I use these 3 lines of code on top of my each notebook because it won't cause any trouble while reloading or reworking on the Project or Problem. And the third line of code helps to make visualization within the Notebook.

In [1]:
# Initialization.
# I use these 3 lines of code on top of each Notebooks.
%reload_ext autoreload
%autoreload 2
%matplotlib inline

### **Downloading the Dependencies**

In [2]:
# Downloading all the necessary Libraries and Dependencies
import pandas as pd
import numpy as np
import matplotlib.pyplot as plt
import os
import re, math, graphviz, scipy
import seaborn as sns

# I will use XGboost in this Project because the Dataset has Timeseries Data.
from sklearn.linear_model import LogisticRegression
import xgboost as xgb
from xgboost import XGBRegressor
from xgboost import plot_importance

# I will also use the Fastai API in this Project for Data Preprocessing and Data Preparation
from pandas.api.types import is_string_dtype, is_numeric_dtype
from IPython.display import display
from sklearn.ensemble import forest
from sklearn_pandas import DataFrameMapper
from sklearn.preprocessing import LabelEncoder, StandardScaler
from scipy.cluster import hierarchy as hc
from plotnine import *
from sklearn import metrics
from concurrent.futures import ProcessPoolExecutor

  import pandas.util.testing as tm


### **Getting the Data**

I have downloaded the Data from one of the **Kaggle** competition Dataset, **Predict Future Sales**. And I have used Google Colab so the act of reading Data might be different on different platforms.

In [3]:
# Loading the Data
# I am using Colab for this Project so accessing the Data might be different in different platforms.
path = "/content/drive/My Drive/Predict Future Sales"

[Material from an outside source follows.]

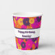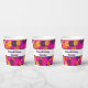 Diese Papiertassen weisen ein von der Hippie-Ära inspiriertes Gesamtbild auf, mit Blume im dunklen Stil in lila, orangen, gelben und hellen Rosatönen. Sie sind bereit, mit Ihrer eigenen, individuellen Nachricht personalisiert zu sein, sodass Sie eine Art Party für Ihre Veranstaltung erstellen können.
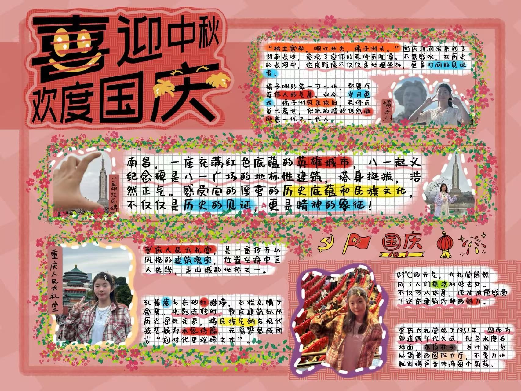 盛世华诞,举国同庆。为庆祝中华人民共和国成立76周年,公司团委举办了“光影献礼•笔诉家国”国庆plog手帐征集活动。同学们踊跃参与,以镜头为眸,定格金秋华诞的动人瞬间;以笔尖为舟,流淌真挚炽热的家国情怀。这些斑斓的影像与真挚的文字,共同编织成这个十月最温暖、最昂扬的风景。现在,就让我们一同走进这段由光影与文字共同谱写的华彩篇章吧!

# Creating the DataFrames using Pandas
transactions = pd.read_csv(os.path.join(path, "sales_train.csv.zip"))
items = pd.read_csv(os.path.join(path, "items.csv.zip"))
item_categories = pd.read_csv(os.path.join(path, "item_categories.csv"))
shops = pd.read_csv(os.path.join(path, "shops.csv"))
test = pd.read_csv(os.path.join(path, "test.csv.zip"))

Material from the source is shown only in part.